◆ What you will do: Scan the data below and state the number of lines that include the word "with", adding no comment.

◆ Supplied information:
----------------------------------------

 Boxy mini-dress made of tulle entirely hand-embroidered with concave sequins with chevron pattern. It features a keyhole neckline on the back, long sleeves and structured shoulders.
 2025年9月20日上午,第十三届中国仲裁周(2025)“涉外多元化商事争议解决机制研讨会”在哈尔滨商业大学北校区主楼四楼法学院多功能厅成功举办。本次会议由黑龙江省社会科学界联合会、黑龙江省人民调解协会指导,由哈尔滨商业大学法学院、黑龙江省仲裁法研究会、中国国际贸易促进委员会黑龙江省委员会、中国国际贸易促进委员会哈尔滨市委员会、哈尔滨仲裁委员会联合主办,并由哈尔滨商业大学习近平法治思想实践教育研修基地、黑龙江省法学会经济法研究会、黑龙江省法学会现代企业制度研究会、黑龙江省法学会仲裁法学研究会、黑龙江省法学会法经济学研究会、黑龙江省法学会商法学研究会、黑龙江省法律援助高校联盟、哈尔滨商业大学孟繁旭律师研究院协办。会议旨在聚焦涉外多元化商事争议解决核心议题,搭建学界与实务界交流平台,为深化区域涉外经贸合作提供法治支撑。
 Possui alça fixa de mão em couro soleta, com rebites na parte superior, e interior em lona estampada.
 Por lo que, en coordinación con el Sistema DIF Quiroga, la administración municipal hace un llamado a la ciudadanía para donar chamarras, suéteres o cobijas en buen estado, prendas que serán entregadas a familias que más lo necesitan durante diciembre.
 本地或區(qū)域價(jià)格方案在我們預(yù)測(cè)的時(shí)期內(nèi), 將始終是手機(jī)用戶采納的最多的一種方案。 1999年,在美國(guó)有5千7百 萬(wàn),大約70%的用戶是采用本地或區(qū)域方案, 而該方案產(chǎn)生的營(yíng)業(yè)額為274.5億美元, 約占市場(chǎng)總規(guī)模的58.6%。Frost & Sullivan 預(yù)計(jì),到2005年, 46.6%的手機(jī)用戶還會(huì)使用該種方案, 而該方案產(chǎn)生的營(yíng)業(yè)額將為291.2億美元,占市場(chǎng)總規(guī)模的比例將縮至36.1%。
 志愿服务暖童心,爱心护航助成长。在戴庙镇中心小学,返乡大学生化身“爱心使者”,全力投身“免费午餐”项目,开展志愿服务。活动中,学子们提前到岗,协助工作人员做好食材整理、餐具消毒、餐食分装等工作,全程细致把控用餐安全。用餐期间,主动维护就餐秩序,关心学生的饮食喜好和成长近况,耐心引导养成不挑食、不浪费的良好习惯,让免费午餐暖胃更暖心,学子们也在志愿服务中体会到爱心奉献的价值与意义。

----------------------------------------

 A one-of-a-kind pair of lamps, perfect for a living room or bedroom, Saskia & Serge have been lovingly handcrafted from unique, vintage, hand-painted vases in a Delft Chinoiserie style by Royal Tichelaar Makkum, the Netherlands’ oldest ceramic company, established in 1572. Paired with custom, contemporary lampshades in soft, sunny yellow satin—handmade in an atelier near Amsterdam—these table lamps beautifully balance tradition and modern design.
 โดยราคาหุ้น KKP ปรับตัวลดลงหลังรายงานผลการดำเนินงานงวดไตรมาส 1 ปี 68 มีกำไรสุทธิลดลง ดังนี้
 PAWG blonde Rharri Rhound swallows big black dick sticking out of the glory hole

----------------------------------------

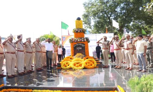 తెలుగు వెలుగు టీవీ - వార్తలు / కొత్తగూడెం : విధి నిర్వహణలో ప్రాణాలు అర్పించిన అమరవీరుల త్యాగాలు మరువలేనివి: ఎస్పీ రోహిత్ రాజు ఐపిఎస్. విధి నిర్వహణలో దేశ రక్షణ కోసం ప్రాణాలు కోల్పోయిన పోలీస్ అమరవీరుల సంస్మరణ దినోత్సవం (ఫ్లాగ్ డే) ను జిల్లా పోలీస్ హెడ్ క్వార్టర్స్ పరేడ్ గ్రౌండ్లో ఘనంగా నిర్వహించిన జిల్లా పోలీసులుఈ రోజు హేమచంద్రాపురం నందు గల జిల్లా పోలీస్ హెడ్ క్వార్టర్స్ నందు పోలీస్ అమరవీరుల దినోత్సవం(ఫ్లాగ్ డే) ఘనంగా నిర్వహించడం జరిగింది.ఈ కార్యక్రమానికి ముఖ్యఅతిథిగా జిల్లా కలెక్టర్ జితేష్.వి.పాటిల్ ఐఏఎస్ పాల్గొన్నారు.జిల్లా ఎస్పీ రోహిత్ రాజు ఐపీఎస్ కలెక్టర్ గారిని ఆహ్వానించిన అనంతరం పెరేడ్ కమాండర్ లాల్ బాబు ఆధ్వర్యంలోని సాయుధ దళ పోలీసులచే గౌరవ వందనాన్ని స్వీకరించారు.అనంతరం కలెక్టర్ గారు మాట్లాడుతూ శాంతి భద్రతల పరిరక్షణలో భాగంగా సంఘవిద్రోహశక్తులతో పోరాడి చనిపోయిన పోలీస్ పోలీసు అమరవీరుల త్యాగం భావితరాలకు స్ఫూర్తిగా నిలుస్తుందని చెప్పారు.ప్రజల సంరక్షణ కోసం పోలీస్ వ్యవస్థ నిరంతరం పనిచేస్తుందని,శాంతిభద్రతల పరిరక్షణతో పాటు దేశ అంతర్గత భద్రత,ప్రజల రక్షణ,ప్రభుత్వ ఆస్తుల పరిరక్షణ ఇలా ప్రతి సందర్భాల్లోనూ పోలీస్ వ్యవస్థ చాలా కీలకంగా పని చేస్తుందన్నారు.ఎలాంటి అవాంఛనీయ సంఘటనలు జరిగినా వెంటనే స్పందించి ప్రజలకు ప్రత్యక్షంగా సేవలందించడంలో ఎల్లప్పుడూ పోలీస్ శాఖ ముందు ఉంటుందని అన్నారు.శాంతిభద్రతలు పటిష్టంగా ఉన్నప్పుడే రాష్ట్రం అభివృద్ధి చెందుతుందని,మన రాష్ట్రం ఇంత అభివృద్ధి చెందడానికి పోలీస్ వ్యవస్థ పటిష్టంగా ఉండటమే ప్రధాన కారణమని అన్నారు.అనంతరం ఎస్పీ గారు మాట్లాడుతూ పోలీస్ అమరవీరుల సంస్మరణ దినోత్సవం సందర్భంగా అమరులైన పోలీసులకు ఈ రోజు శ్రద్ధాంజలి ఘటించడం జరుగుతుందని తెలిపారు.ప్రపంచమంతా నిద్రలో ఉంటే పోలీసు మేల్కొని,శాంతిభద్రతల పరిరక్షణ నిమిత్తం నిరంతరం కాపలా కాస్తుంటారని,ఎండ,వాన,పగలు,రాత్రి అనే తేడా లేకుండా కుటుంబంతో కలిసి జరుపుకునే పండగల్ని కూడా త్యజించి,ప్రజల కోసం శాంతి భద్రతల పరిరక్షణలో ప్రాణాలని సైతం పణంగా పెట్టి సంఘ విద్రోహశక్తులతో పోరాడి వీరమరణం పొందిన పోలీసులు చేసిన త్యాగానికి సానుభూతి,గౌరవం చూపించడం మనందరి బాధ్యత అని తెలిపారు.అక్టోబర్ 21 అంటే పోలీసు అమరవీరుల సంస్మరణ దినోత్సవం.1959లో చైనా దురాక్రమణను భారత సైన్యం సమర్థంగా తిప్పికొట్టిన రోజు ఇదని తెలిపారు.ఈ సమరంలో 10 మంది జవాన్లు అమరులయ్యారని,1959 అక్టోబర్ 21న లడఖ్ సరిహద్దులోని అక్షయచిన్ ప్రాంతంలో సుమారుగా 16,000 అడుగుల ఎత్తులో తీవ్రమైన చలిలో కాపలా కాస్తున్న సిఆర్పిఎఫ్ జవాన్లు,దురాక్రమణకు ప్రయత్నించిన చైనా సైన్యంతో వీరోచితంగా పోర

----------------------------------------

◆ Answer below: 2